Schools First: How to fund education without new taxes

Pie Chart showing State Government Spending

How we fund education in Washington is unconstitutional. It’s not the amount of money we spend on Education that is the problem, it is how the money is appropriated. Today public education is the last to be funded, with the decision often being taken to the voters. The result is that children in poor or otherwise tax unfriendly school districts receive a lower quality education than their peers who are able to attend better funded schools.

Our budget priorities are backwards. There are only a few things called out as being required duties of the state. They are as follows:

  1. Education
  2. Reformatory and penal institutions
  3. Institutions for disabled youth, mentally ill or developmentally disabled
  4. Courts
  5. Elections
  6. Board of Health and Vital Statistics
  7. Department of Agriculture
  8. Reserve fund

With the exception of education, all of these required expenditures are funded entirely by the state. Education is different. Only 70% of education is funded by the state. Our schools are left to pay for the remaining 30% through local taxes or federal grants. This means that schools are constantly begging local voters to pay for their operations.

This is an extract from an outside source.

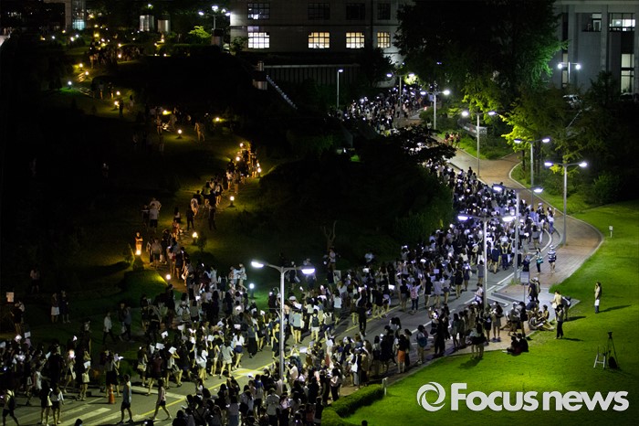 학내 행진하는 이화여대생들

Our children are being used to guilt us into paying higher taxes. Education should be fully funded through state dollars. Unfortunately this is easier said than done, since it will add approximately $4.3 billion per year to the state budget. Something has to give!

Washington tax payers are already funding $3.7 billion of that amount through the local tax levy. This is where the “levy swap” model comes in. We could just eliminate all the local taxes and raise the state property tax by lowest local tax rate, but there are 11 school districts that collect no local taxes. In practice, the rates and revenue vary significantly depending on the local property values and willingness to approve taxes. For example, Burien (the Highline School District) pays twice the tax rate that Seattle does to fund their local schools. Under an levy swap, both Seattle and Vashon would see their taxes rise while Burien would see their tax payments decrease.

What we need to do is swap the funding of discretionary social and human services with education. Most of these programs live in the agency known as DSHS, but there is a whole host of agencies at the state level. About half of those programs are constitutional duties of the state, but a large portion of them are not. We need to cut just 3.5% and move another 20% of those programs out of state government.

We could pay for the full cost of education at the state level, but we’ve chosen to spend the money elsewhere and use our children to guilt voters into paying for the difference. Let’s fund education first instead of gambling with our children’s future!